John McCormick, Royal Bank of Scotland Group Plc’s Asia-Pacific chairman, expects growth from the region to continue with Japan lagging behind India, China and Australia. He commented in an interview with Bloomberg television today at the World Economic Forum in the northeastern Chinese city of Dalian.
On where RBS expects to see growth in Asia:
“We see the growth in India, we see the growth in China and interestingly we see continued growth in a very sophisticated, demanding market in Australia where we’ve got a very strong position.
‘‘We see Japan continuing to be somewhat of a laggard. ‘‘Southeast Asia will continue to provide us with opportunities from time to time as increasingly Asian champions from all over the Asia-Pacific go on the hunt for opportunities.’’
On Growth Through Acquisitions:
‘‘We have no intention of any in-organic growth at all. We’re three years into a five year strategic plan. We’re absolutely delivering on that plan.’’
On the bank’s stock price:
‘‘The industry share prices right across the globe have come down and the banks are under a lot of pressure.
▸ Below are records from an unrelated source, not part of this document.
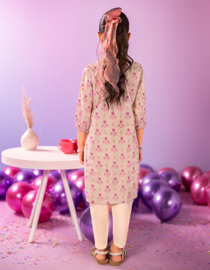 Fabric Type: Printed Shirt With Frills And Tassel On Neckline And Border On Daaman
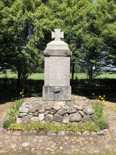 Denkmal auf dem Friedhof für die Gefallenen beider Weltkriege. Stele auf Natursteinsockel mit Eisernem Kreuz. An den Seiten die Namen der Gefallenen.
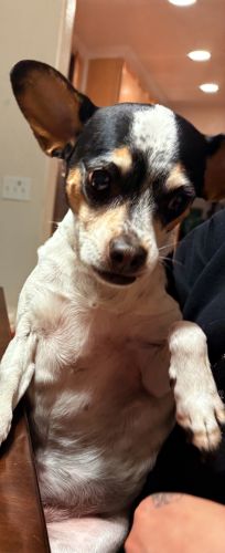 Breed : rat terrierSex : femaleSpayed : yesAge : 5-10 yearsWeight : 11 to 20 lbs.Size : smallColor : white+ blackPattern : SpottedEye Color : dark blackEar Size : mediumEar Shape : otherNose Color : blackHow Tail Carried : otherCoat : short
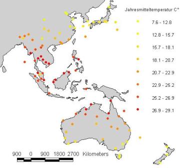 Hier sind mit Ozeanien die Räume Indonesien, Melanesien, Mikronesien, und Polynesien gemeint. Das Klima ist vorwiegend tropisch feuchtheiß. Leider finden sich in Mikronesien und Polynesien nur vereinzelt Meßstationen mit brauchbaren Werten. Das Verhältnis von ca. 1,25 Mio. km² Landmasse zu ca. 70 Mio km² Meer spricht für sich3. Im Gegensatz zum stark kontinental geprägten Klima Australiens weist Ozeanien dadurch sehr maritime Klimate mit ausgeglichenen Temperaturen von mindestens 20°C auf.
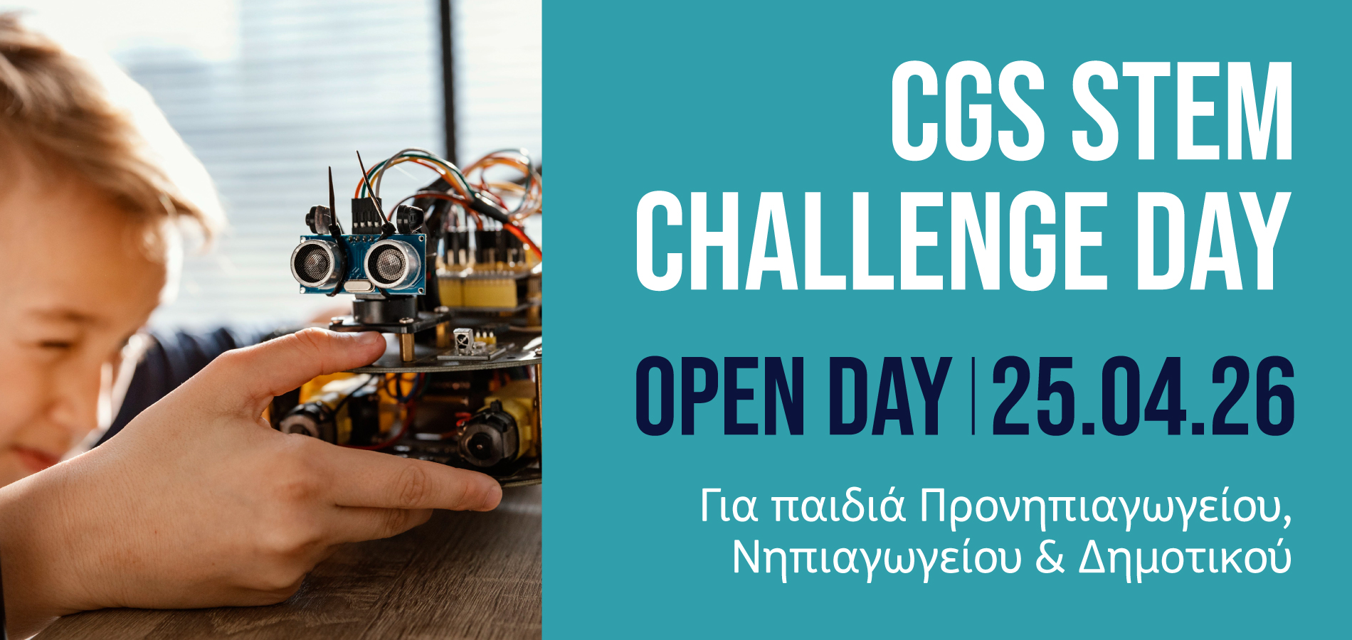 Το CGS STEM Challenge Day 2026 θα πραγματοποιηθεί το Σάββατο 25 Απριλίου 2026, 09:30-14:30, στις εγκαταστάσεις του CGS.
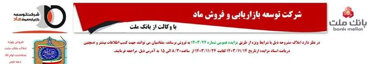 براساس این گزارش، املاک مازاد بانک ملت از طریق شرکت توسعه بازاریابی و فروش ماد با وکالت این بانک، از طریق مزایده عمومی و با شرایط ویژه به فروش خواهد رسید.
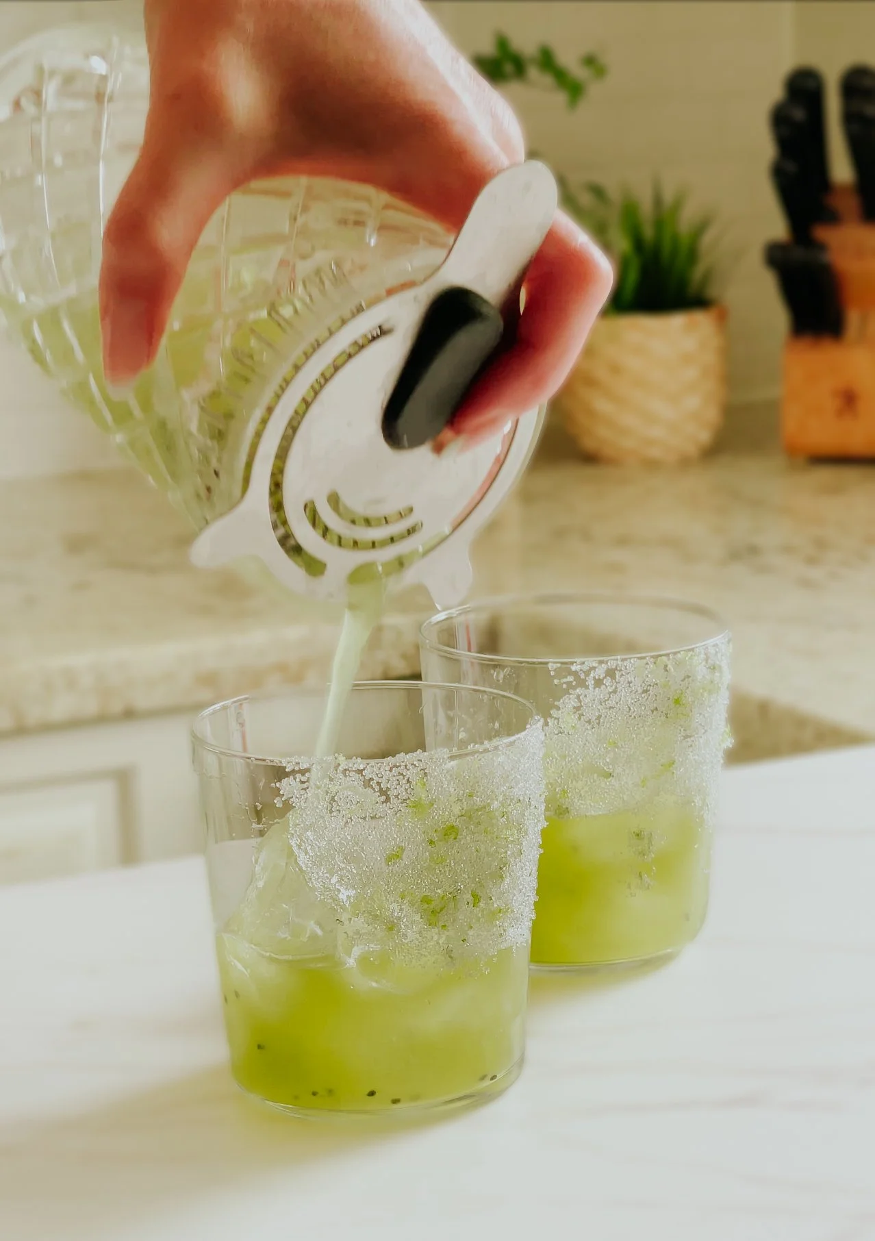 Divide between two bodega glasses with fresh ice, using a hawthorne strainer to prevent the kiwi from blocking the top of a traditional cocktail shaker spout.
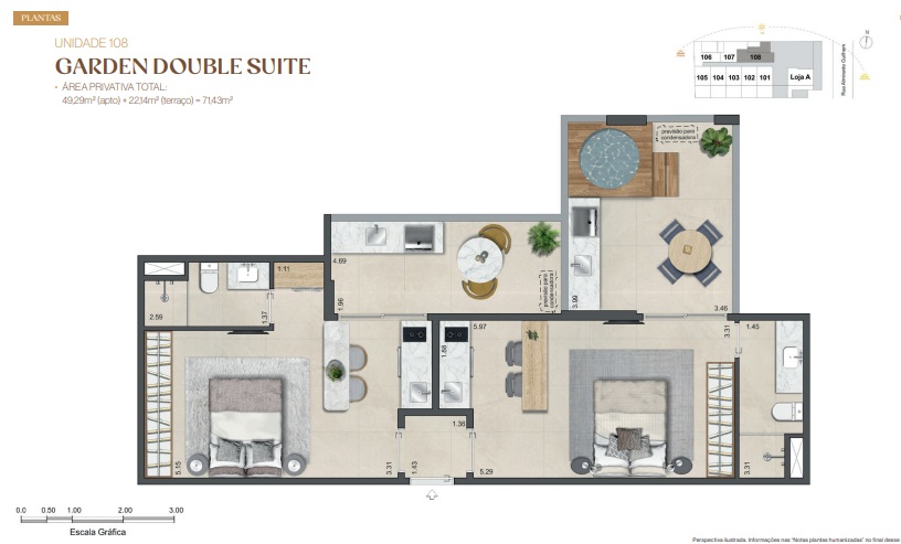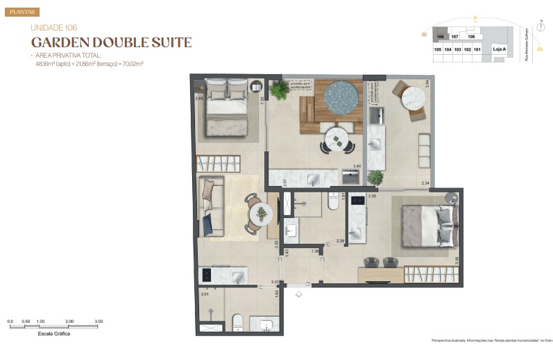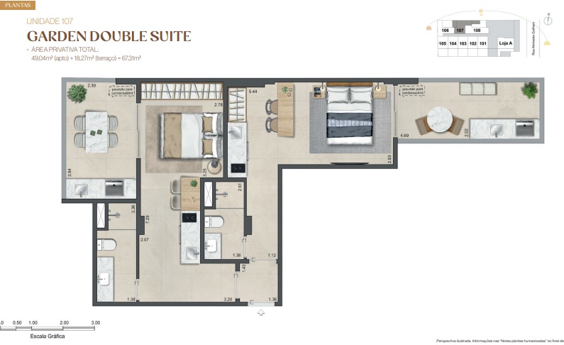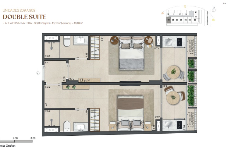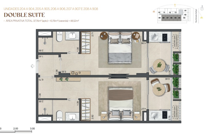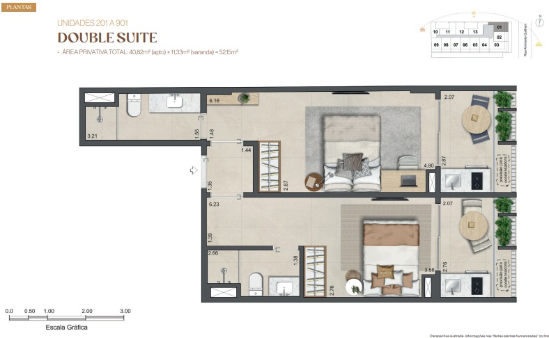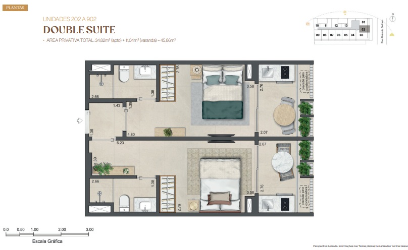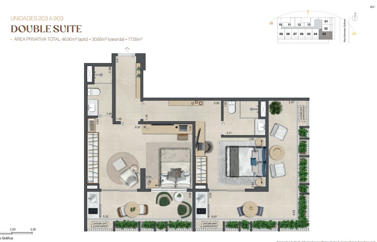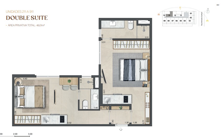 Double Suíte – Duas suítes para quem precisa de mais privacidade, home office dedicado ou recebe com frequência.
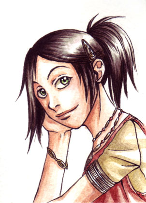 Der letzte Schritt bei der Kleidung besteht darin, dass ich noch Details wie den Schmuck coloriere und mit Deckweiß ein paar Glanzpunkte setze (z.b. im Auge und bei der Kette). Dann ist der Vordergrund soweit fertig.
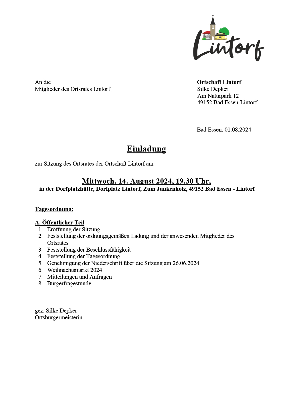 Am Mittwoch, dem 14. August 2024 findet um 19:30 Uhr die dritte Ortsratssitzung in diesem Jahr in der Dorfplatzhütte Lintorf statt. Zuhörerinnen und Zuhörer sind herzlichst eingeladen. Zum Ende der Sitzung wird es eine Bürgerfragestunde geben.
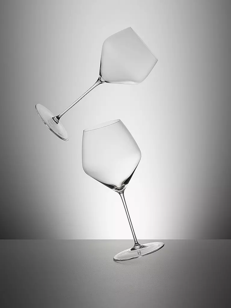 Die voluminöse Form haben fast alle Rotweingläser miteinander gemeinsam – doch jenseits davon setzt die stilistische Vielfalt ein. Ein fruchtiger Chianti benötigt ein weniger ausladendes Glas als ein schwerer Bordeaux. Für Portwein-Freunde empfehlen sich Weingläser in Kelchform, und Roséweine müssen nicht atmen und geben daher auch in einem schlankeren Glas ihr Bestes.
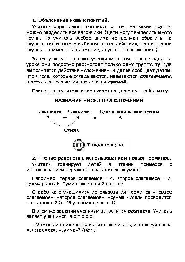 «слагаемое», «сумма»? (Нет.)Или перед началом работы по заданию учитель предлагает
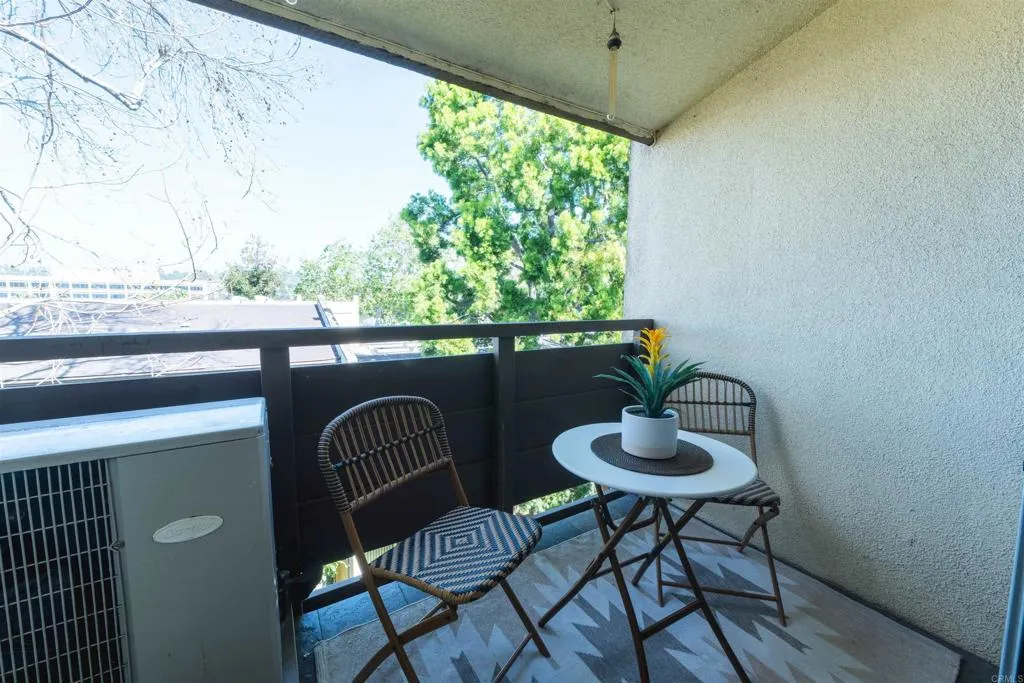 Top-floor contemporary condo in the heart of Mission Valley offering style, comfort, and valley views. The 1-bedroom, 1-bath residence spans approximately 700 square feet and features vaulted ceilings in both the living room and bedrooman exclusive benefit of its premier top-floor location in a three-story building. Beautifully upgraded just a few years ago, the home showcases bamboo flooring throughout, a stunning custom-designed walk-in shower, and a remodeled kitchen complete with a Viking stove. Natural light fills the space through multiple skylights enhancing the open and airy feel. The living room centers around a cozy gas fireplace with smart home controls for lighting and fireplace operation, and opens to a private deck/balconyperfect for enjoying Mission Valley views and evening city lights. Additional highlights include central heating and air conditioning, an EV charger at the assigned covered parking space. The building offers elevator access for added convenience. Residents enjoy resort-style amenities including a swimming pool, spa, tennis and pickleball courts, basketball court, fitness center, and a recreation room with two pool tables. Ideally situated in the Fashion Valley area with quick access to Interstate 5 and Interstate 8, the central location offers close proximity to shopping, dining, and everything San Diego has to offer. Experience elevated Mission Valley living in this thoughtfully upgraded, move-in ready home.
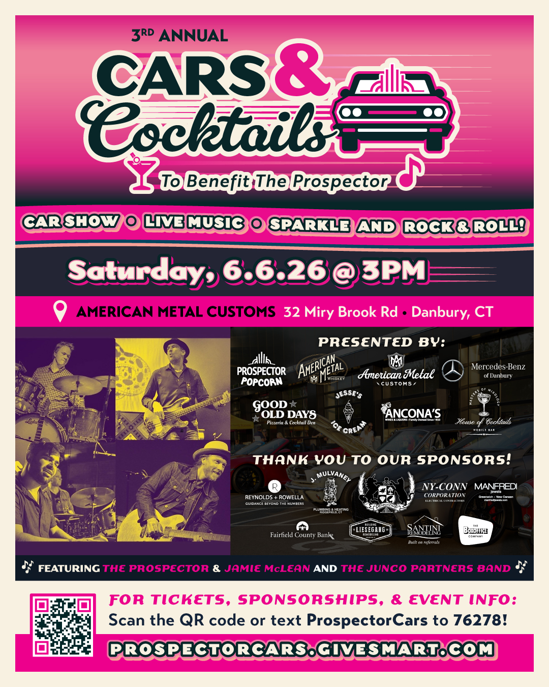 Our Annual Cars & Cocktails fundraiser to benefit The Prospector returns to American Metal Customs on June 6th for an afternoon of incredible cars, entertainment, and plenty of Prospector sparkle.
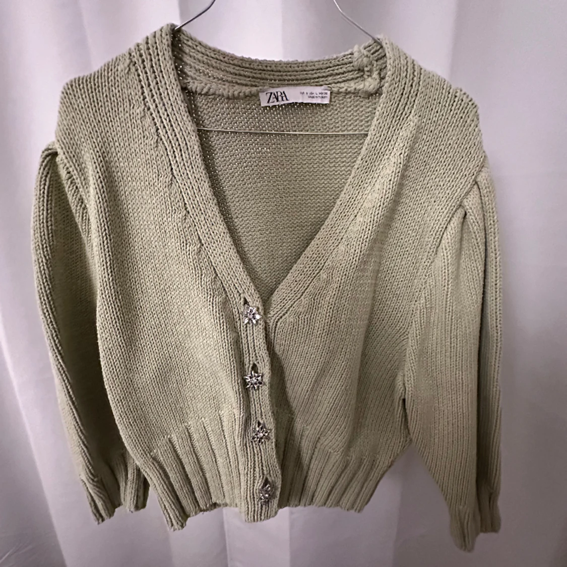 Jag säljer nu min gröna och fina stickade kofta från Zara! Den är använd någon få gång och är i perfekt skick. Den har inga defekter och passar perfekt till våren och sommaren💗
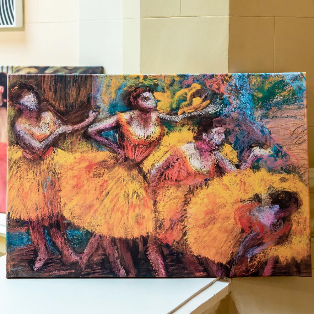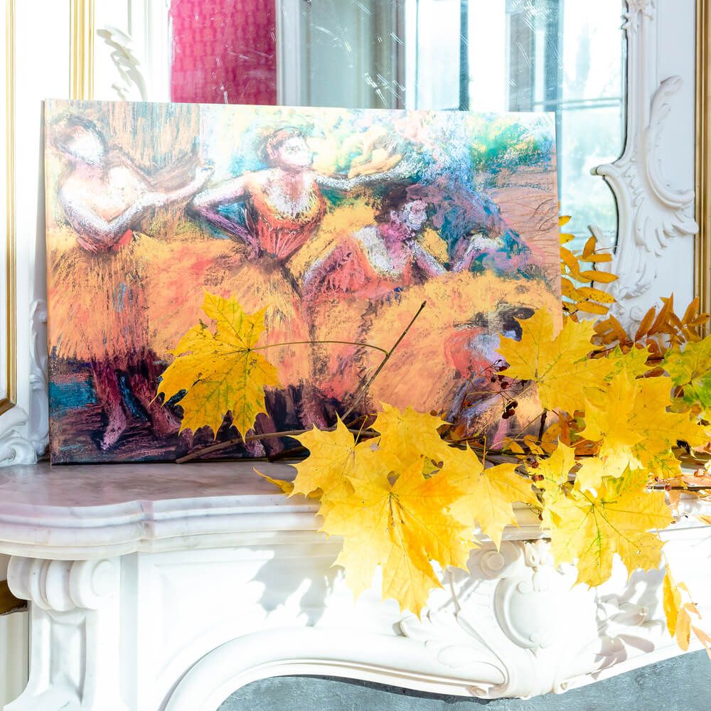 Наполняет пространство настроением и энергией: Картина привносит в комнату атмосферу театра, грации и скрытого движения, добавляя интерьеру «яркость, свежесть и атмосферную легкость» импрессионизма.
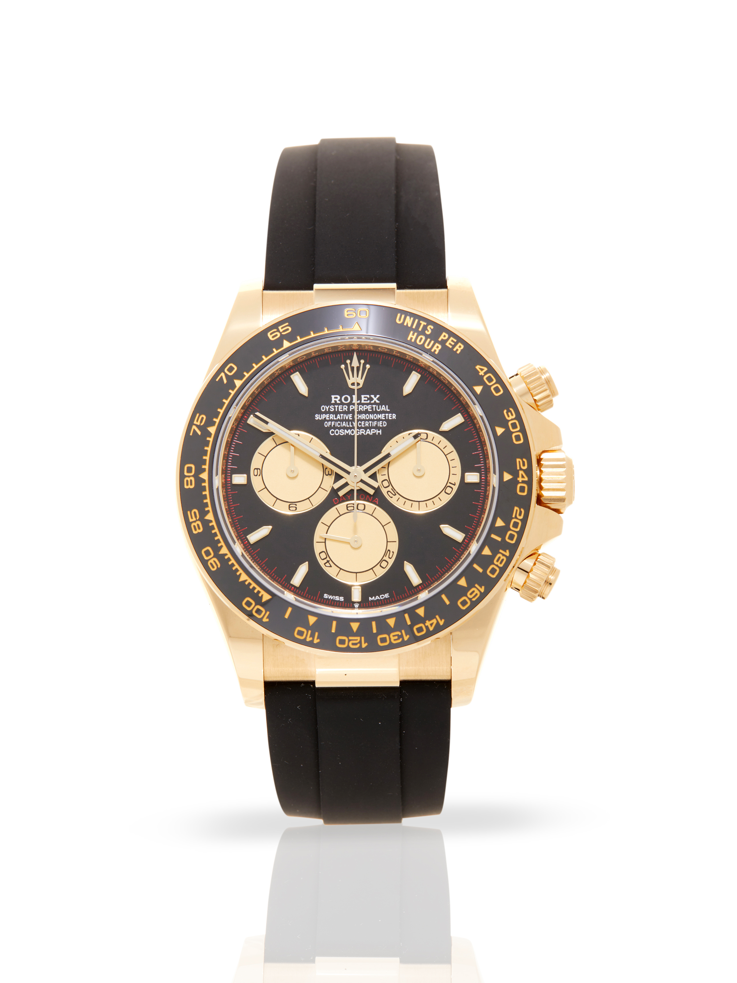 This Rolex Daytona 126518 LN has a black dial and a rubber strap. This Rolex has undergone a thorough inspection of water resistance, accuracy, functionality and condition to determine the level of reconditioning required to meet our strict standards. It has also been referenced against technical documents and manufacturer records where available to ensure authenticity and a clean history. Our watches have a 24-month warranty for your peace of mind, in conjunction with any remaining manufacturer’s warranty from new or from service. To maintain the manufacturer’s warranty on this watch, it has not been polished in our service centre.
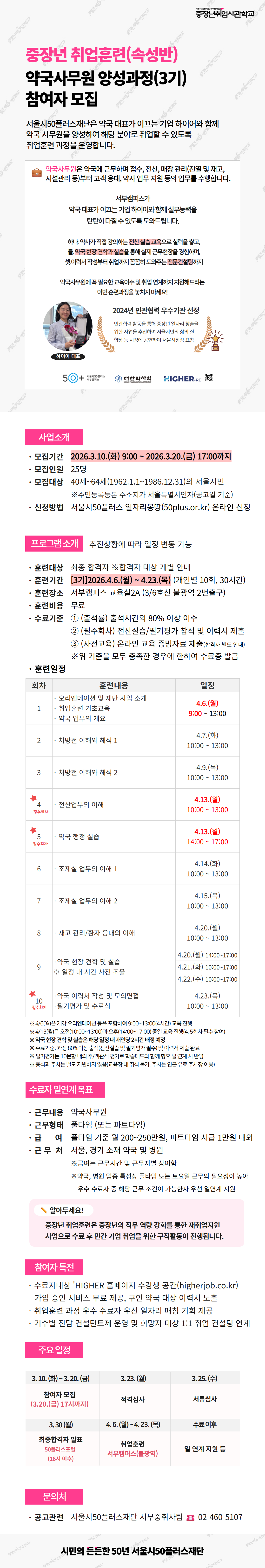 속성반 「약국사무원 양성과정(3기)」참여자 모집 공고마감 D-8
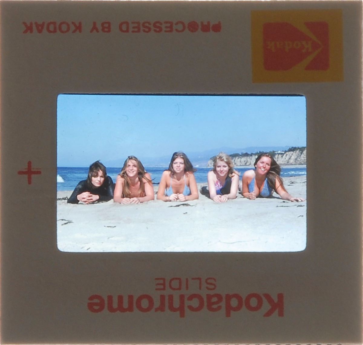 Two color 35mm slides by Richard Creamer: a Kodachrome slide showing the full band relaxing on the beach; and one solo shot of Cherie Currie singing on stage in a shiny gold outfit. In overall fine condition. Provenance: Richard Creamer Estate.
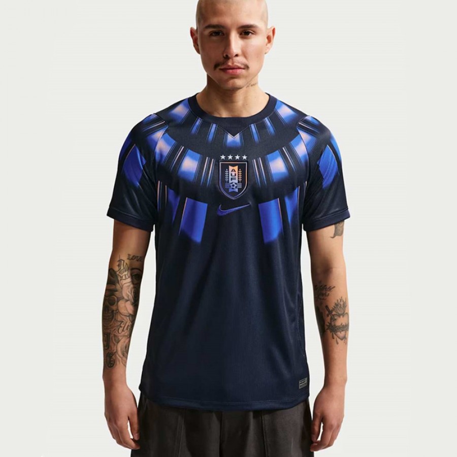 Uruguay's 2026 Away jersey. The design honors Uruguay as the very first world champions of soccer and embodies their desire to guard their throne. Nike Dri-FIT technology moves sweat away from your skin for quicker evaporation, helping you stay dry and comfortable.
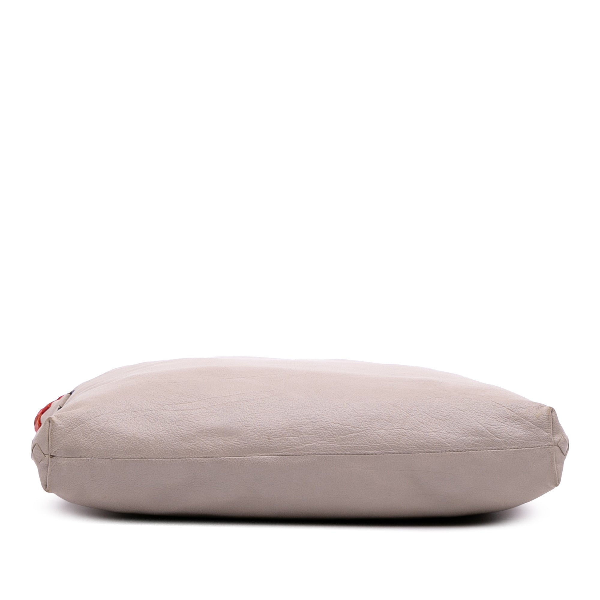 This satchel features a leather body, flat leather handles, a detachable leather strap, an open top, and interior zip and slip pockets. Retail Price: 598.00

‘‘The work we have to do is stay very focused on our clients and delivering day-in and day-out. That will generate the earnings to get the dividends going on the shares again. ‘‘That will allow many more investors to come into our stock and that’s what’s going to drive the share price up.’’
‘‘Food-price inflation is a big headache in India, certain parts of China and certain parts of southeast Asia. If you talk about energy prices, many economies in Asia for example still subsidize the end user, and that hasn’t fed through to inflation.’’
On whether China’s exchange rate:
‘‘They’re using Hong Kong as an incubator center with which they’re trying all of this internationalization of the RNB. They’re using Singapore also as a center. They also have swap and liquidity arrangements with Korea.
‘‘Convertibility in terms of the capital account will be something they do in their own good time. They will create swap arrangements through the People’s Bank of China through each of the central banks in the United Kingdom, in Singapore, Hong Kong and Korea and probably other centers going forward.
‘‘They will do it on a staggered basis. It’s the control of that lever -- getting the liquidity money from offshore back to onshore -- is the key as to when they open up the capital account for the real movement of goods and services, particularly financial products.